MLP uses 1D representation of an image to identify or classify these images whereas CNN uses 2D representation to identify them. Thus CNN preserves the spatial orientation .

The other issue with MLP is more on computational side of things.

If we consider the adjoining image and create a neural network using 1000 neurons the nos. of parameters which is the weight matrix would be about 10⁶ .

If we consider the adjoining image with more nos. of pixels and build a neural network the nos. of parameters in this case would be 600 x 10⁶ (600 million).

Both the situation will be a nightmare for our computer system.

Thus the issue which we saw considering the two images of various dimensions and building neural network using single hidden layer is is called as Parameter Exploration in Neural Network.

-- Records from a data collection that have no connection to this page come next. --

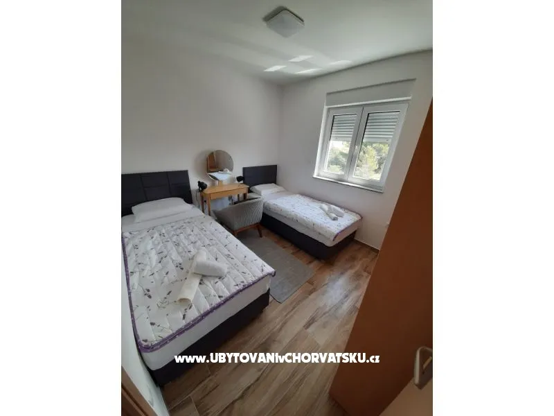 Apartmán "DAVID" je nově postavený a moderně vybavený prostor, který se nachází ve druhém patře malého bytového domu. Z balkonu apartmánu je krásný výhled na moře a staré město. Byt má kromě balkonu dvě ložnice, koupelnu, obývací pokoj s kuchyní.Vše je zcela nové a velmi dobře vybavené. Primošten je krásné středomořské místo, mimořádně příjemné pro dovolené a pobyty,...
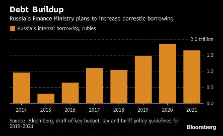 Правительство планирует увеличить заимствования для финансирования планов расходов на инфраструктуру и восстановить Фонд национального благосостояния. В течение следующих трех лет власти планируют занять почти 5 трлн. рублей (74.5 млрд. долл. США). Зарубежные инвесторы начали сокращать вложения в российский долга этой весной на фоне последней волны новых санкций США. Доля нерезидентов в рублевом суверенном долге (ОФЗ) в июле снизилась до 27.5% с 34.2% в марте. В случае массового исхода иностранных держателей местного спроса будет достаточно, чтобы реализовать план заимствований правительства в течение ближайших нескольких лет, хотя доходность повысится, согласно исследованию Центральному банку.
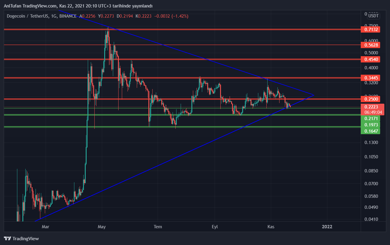 Üçgen formasyonu aşağı kırıldığı senaryoda önce 0.217 ara destek ve 0.197 ana destek seviyelerine kadar gerileyebilecek olan ünlü memecoindeki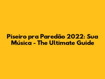 Hey guys! Ready to dive into the electrifying world of piseiro pra paredão in 2022? If you are a fan of infectious beats, pulsating rhythms, and music that makes you want to dance until dawn, then you're absolutely in the right place. In this comprehensive guide, we’re going to explore everything about piseiro pra paredão in 2022, focusing particularly on the phenomenal platform, Sua Música. Whether you're a seasoned aficionado or a curious newbie, buckle up and let's get this party started!

Dealing with above two problems i.e. Losing Spatial Orientation and Parameter Exploration in Neural Network is built in CNN. It preserve the spatial orientation and also reduces the number of trainable parameters in neural network.

BASIC STRUCTURE OF CNN.

In MLP (multilayer perceptron) if we remember hidden layer was responsible for generating features. Now in CNN apart from above 3 layers we also have convolution layer. The convolution layer uses 2D input which helps to solve above issue which we discussed and also it acts like a feature extractor. So, in CNN we have convolution layer and hidden layers acting as feature extractor. These features are been extracted using filters which we will be discussing further.

ROLE OF FILTERS IN CNN.

As we saw in the structure of CNN, convolution layers is used to extract the features and for extracting features it uses filters. So, let us discuss about how the features are extracted using filter now.

Consider below image ,

In the above image we used various filters like Prewitt or Sobel and obtained the edges. For detail understanding about working on the images and extracting edges you can shoot up at my below blog for theoretical and practical implementation.

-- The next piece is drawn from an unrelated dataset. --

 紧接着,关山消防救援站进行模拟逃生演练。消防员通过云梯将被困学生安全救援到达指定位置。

Getting Started with Image Data — Deep Learning

In this blog we will see different formats of an image, converting them to different forms and extracting edge features.

medium.com

Let us understand how filter operation basically works using an animated image.

HOW DOES FILTER OPERATION WORKS ?

Convolution Operation on 5x5 with 3x3 filter

Suppose we have matrix of numbers representing an image and we take 3x3 filter and perform element wise multiplication using the filter over the image. The result which is obtained after performing filter operation is stored in new matrix called as Feature Map.

The filter moves over the image in a manner how we write over the paper i.e. left to right. The nos. of pixels that the filter moves in horizontal direction is called as column stride. The nos. of pixels that the filter moves in vertical direction is called as row stride. This operation is known as convolution operation where filter slides through the image performs element wise operation and generates new matrix called as feature map.

UNDERSTANDING THE DIMENSIONS.

Now we know how the feature map is calculated let us look at the dimensions of input image, filter and feature map.

In the above figure we have an input image of size (13 x 8) followed by filer of size (3 x 3) and feature map of size (11 x 6 ) obtained by convolution operation.

Consider below images,

When the filter is used over the first patch of an input image it compares the pixel values on the right and the left on the target pixel 34 and stores the resultant value in feature map.

Basically feature map contains values against the pixel highlighted in the green box but pixels on the edges are not taken into account.

If we consider a pixel on an edge i.e. pixel 36 we will notice that there are no pixel surrounding the highlighted pixel and hence it is not contributing in convolution operation and hence size of feature map becomes smaller after every convolution operation.

PADDING STRATEGIES.

As we understood in previous section that pixels on the boundary do not contribute in convolution operation so to resolve that issue let us understand padding strategies.

While building a convolution layer we can set the padding strategies which can be of 2 types.

SAME : Feature map and input image are of same size since zeros are added around the edges of the image.
VALID :Feature map and input image differ in size since zeros are not added.

Imagine if we had an image of 1300 x 800 we cannot go and count every single value in output image so you all can refer below formula to calculate height and width of our output i.e. feature map.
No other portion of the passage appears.